I’ve spoken to him about this several times ensuring that he never feels attacked during the conversation. My intention is always to make him aware of my feelings and ask for his help in finding a solution or a compromise. His response is almost always that he’ll do better or try harder or work on enforcing better work-life boundaries for himself. It’s to the point where I am over hearing apologies. He doesn’t need to apologize, I’ve made this clear. He isn’t doing something bad or wrong. At this point, apologizing is nothing more than an unproductive, unnecessary thing to say. I want him to hear that his partner is feeling like the relationship is not being taken care of the way it should be, and I care enough to seek out his help in bringing that beautiful life back to our aging relationship. We are just too young to be this old.

I am now finding myself getting angry with him over stupid things, and it is taking a lot of self-restraint to make sure I do not act on my unwarranted feelings. For example, he had a wet dream the other night and came in his sleep. I woke up as he was cleaning the bed off, and he told me what happened.
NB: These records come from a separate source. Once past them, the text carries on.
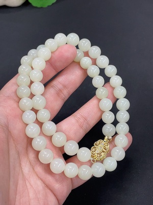 H39674808 Hetian Jade Bead Necklace, approx. 8.5mm, total weight approx. 136.6g, non-Hetian Jade accessory beads
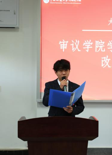校学生会主席高尚宣读了批复,他传达了校学生会对学院学生会工作的肯定及同意学院开展代表大会的决议。
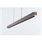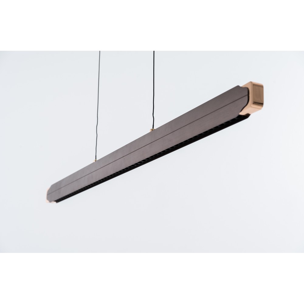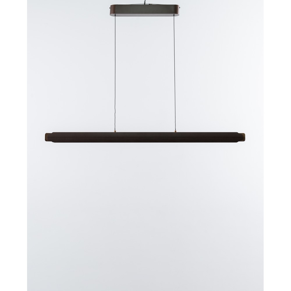 Lampada a sospensione ad una luce con diffusore a lama sospesa, finitura noce canaletto, cavi in acciaio, coppa a soffitto ovalizzata in metallo.
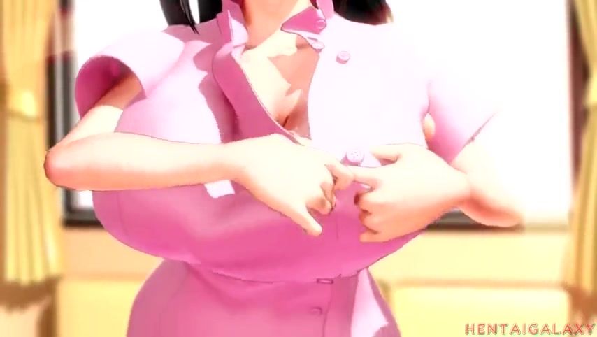 Hentai nurse with big tits jerks off and sucks teenager's cock
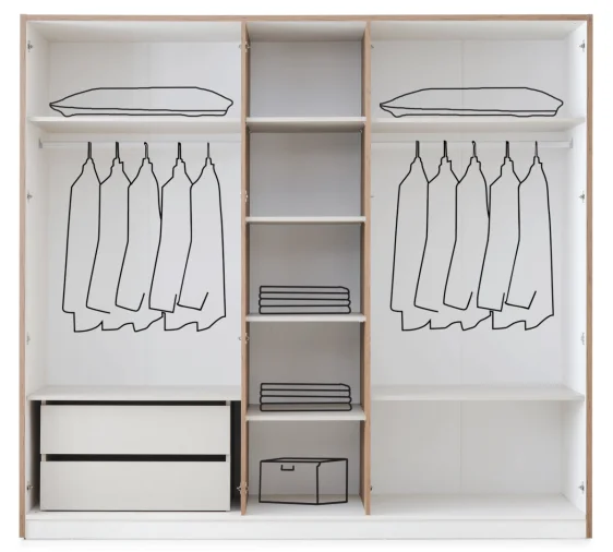 Skapis PANDORA 5D skapis pandora 5d izmērs: platums 243 cm; augstums 218 cm; dziļums 60 cm. krāsa: balta materiāls: laminēta skaidu plāksne ražots: turcijā ! saite uz instrukciju ir šifrēta qr kodā, kas ir pielīmēts uz iepakojuma. viedtālruņa kamera ir jānovieto pie atzīmes, un tā automātiski nolasa attēlu. izmēri: 243 x 60 x 218 cm. augstums: 218 cm; garums: 60 cm; garums: 243 см;.

Suffice it to say that I was immediately overcame with anger and was screaming to myself in my head, “Great, so he’ll get off in his sleep, but he won’t with me when he’s awake. How convenient!”. Obviously, I did not tell him this, and I’m not going to get mad at him for having a wet dream. It’s not like he can control when that happens. But, it made me feel unnecessarily upset regardless. I had to excuse myself from the room and make sure I was relaxed before I spoke to him again. I know that feeling this way is not good, and I don’t want to feel like this. But, I’m at a loss when it comes to navigating this problem any further. It seems like I just get more and more disappointed and frustrated the more our relational needs are pushed to the side.

Does anyone have any advice on how to navigate this? Has anyone had a similar problem to my partner, how did you work through it? If you were in my position, what helped you? I’m really reaching for straws at this point because I don’t want our relationship to suffer. However, it is really begin to affect me to constantly tell my partner how I’m feeling, and nothing changes.

TLDR: My partner has no energy for sexual intimacy because of his work stress. After multiple conversations discussing this over the past 6-8 months, I am still left feeling unheard and the situation remains unresolved. I no longer know what to do to improve the state of my relationship, and it seems like my partner is unlikely to change anytime soon. Please help me bring life back to my relationship.